The Monthly Dose April 2021

Hello all - Happy Spring! It has been such a treat to play, run, and garden in the warm weather! I hope everyone is taking care of themselves as we make another push to keep our communities healthy and safe. It is also my last push before running a virtual 1/2 marathon in May. I’ll write a little update next month:)

Passion paradox: a standard non-fiction in which too little content was built into 200 pages but it was still good food for thought. A couple key points - one, the common mantra of, follow your passions, can be misleading, and two, any passion comes at a cost to other areas of your life. Sometimes this cost is worth it, sometimes it is not. Taking the time to reflect allows us to either embrace the imbalance or recognize it when it has gone too far.
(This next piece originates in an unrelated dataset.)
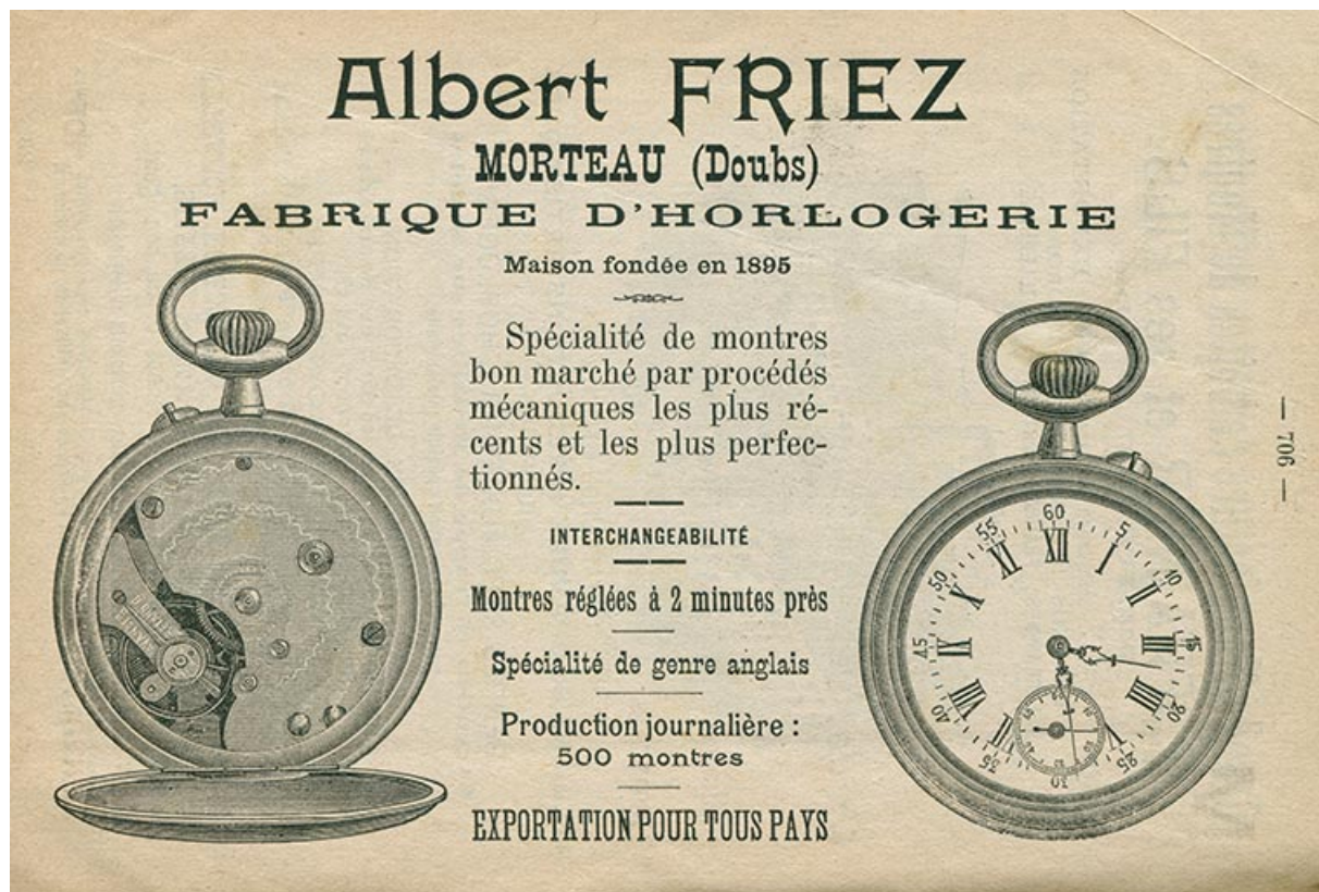
Publicité pour la société Albert Friez, 1902.

Grub: a fantastic review on a recent study on the effects of turmeric and osteoarthritis (OA) of the knee. The introduction on OA is on point and is a far better review than you would see in the typical media channels. I won’t give away the conclusion as it is worth reading in its entirety:)
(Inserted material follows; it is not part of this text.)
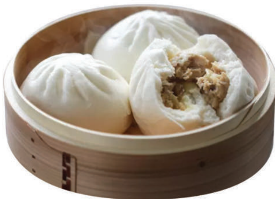
28. Bao con ripieno di carne 1pz

Sleep: Nap, friend or foe….The nap paradox. An in depth review of the benefits and detriments of napping. Its another read that highlights the middle ground. The nap can be a friend or a foe - it depends;)

New books

  1. The Underground railroad.

  2. 21 things you need to know about the Indian Act

  3. Factfullness - what a wonderful read. Recommended by a friend who saw it on Bill Gates book list.

  4. Psychology of Money - an easy read. 20 short stories on Money.

I thought I would finish with a short reflection on finding the middle. After reading a few non-fiction books over the past month I was struck by a theme that traversed all three books. So much of our life, whether it’s health, wealth or politics appears to be driven by the edges. The more you read, the more you realize how important the middle ground is. As Timothy Caulfield discusses in his book, Relax Dammit, our choices are often simple and intuitive but we get distracted by health pitches and find it hard to stay consistent (exercise, sleep, cooking food) . In Factfulness, Hans Rosling, reminds us that most political decisions are not either or, but probably a bit of both. In some cases more to the right in others more to the left. The same for managing our money - sometimes our decisions can be reasonable but not perfectly rational - there is room for grey. Getting comfortable with this idea and using this lens when reading or considering new ideas can be helpful.

Lastly - I’ll pitch blood donation again:) Did you book a blood donation? It is a simple and rewarding way to give back. It doesn’t take anywhere near as much time as it used to (very streamlined) and they still offer cookies:). See if you are eligible.